Thursday, December 26, 2019

A Case Series Clinical Trial of a Novel Approach Using Augmented Reality That Inspires Self-body Cognition in Patients With Stroke: Effects on Motor Function and Resting-State Brain Functional Connectivity

Since you are using subjective measurement scales(Fugl-Meter and Modified Ashworth Scale) nothing here inspires any sort of confidence. In fact I would assume that the participants are using the Hawthorne effect to please the researchers.

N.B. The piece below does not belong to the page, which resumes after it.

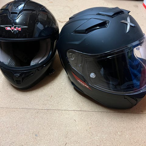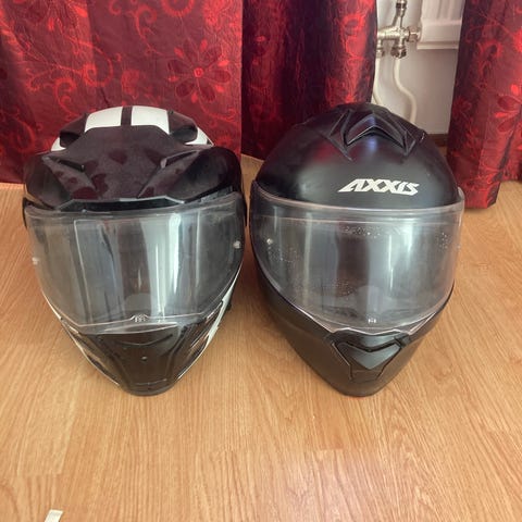 2 begagnade mc-hjälmar (S & M). Den vita är i mycket bra skick, den svarta har några skavanker som syns på bilderna.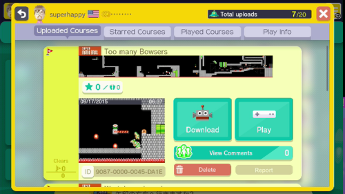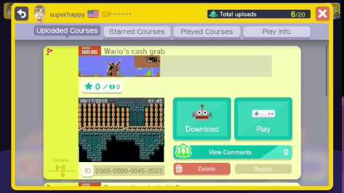 Planning to do one more stream late tonight ( http://twitch.tv/superhappybros/ ) where I play the levels of others, including people on my FL, some SA goons, at least one run through the random 100-mario challenge, and anyone who replies to this post with codes!

A Case Series Clinical Trial of a Novel Approach Using Augmented Reality That Inspires Self-body Cognition in Patients With Stroke: Effects on Motor Function and Resting-State Brain Functional Connectivity


Fuminari Kaneko1,2*, Keiichiro Shindo1,2, Masaki Yoneta1,2,3, Megumi Okawada1,2,3, Kazuto Akaboshi1,2,3 and Meigen Liu1
  • 1Department of Rehabilitation Medicine, Keio University School of Medicine, Tokyo, Japan
  • 2Department of Rehabilitation, Shonan Keiiku Hospital, Fujisawa, Japan
  • 3Hokuto Social Medical Corporation, Obihiro, Japan
Barring a few studies, there are not enough established treatments to improve upper limb motor function in patients with severe impairments due to chronic stroke. This study aimed to clarify the effect of the kinesthetic perceptional illusion induced by visual stimulation (KINVIS) on upper limb motor function and the relationship between motor function and resting-state brain networks. Eleven patients with severe paralysis of upper limb motor function in the chronic phase (seven men and four women; age: 54.7 ± 10.8 years; 44.0 ± 29.0 months post-stroke) participated in the study. Patients underwent an intervention consisting of therapy using KINVIS and conventional therapeutic exercise (TherEX) for 10 days. Our originally developed KiNvis™ system was applied to induce KINVIS while watching the movement of the artificial hand. Clinical outcomes were examined to evaluate motor functions and resting-state brain functional connectivity (rsFC) by analyzing blood-oxygen-level-dependent (BOLD) signals measured using functional magnetic resonance imaging (fMRI). The outcomes of motor function (Fugle-Meyer Assessment, FMA) and spasticity (Modified Ashworth Scale, MAS) significantly improved after the intervention. The improvement in MAS scores for the fingers and the wrist flexors reached a minimum of clinically important differences. Before the intervention, strong and significant negative correlations between the motor functions and rsFC of the inferior parietal lobule (IPL) and premotor cortex (PMd) in the unaffected hemisphere was demonstrated. These strong correlations were disappeared after the intervention. A negative and strong correlation between the motor function and rsFC of the bilateral inferior parietal sulcus (IPS) significantly changed to strong and positive correlation after the intervention. These results may suggest that the combination approach of KINVIS therapy and TherEX improved motor functions and decreased spasticity in the paralyzed upper extremity after stroke in the chronic phase, possibly indicating the contribution of embodied-visual stimulation. The rsFC for the interhemispheric IPS and intrahemispheric IPL and PMd may be a possible regulatory factor for improving motor function and spasticity.
Clinical Trial Registration: www.ClinicalTrials.gov, identifier NCT01274117.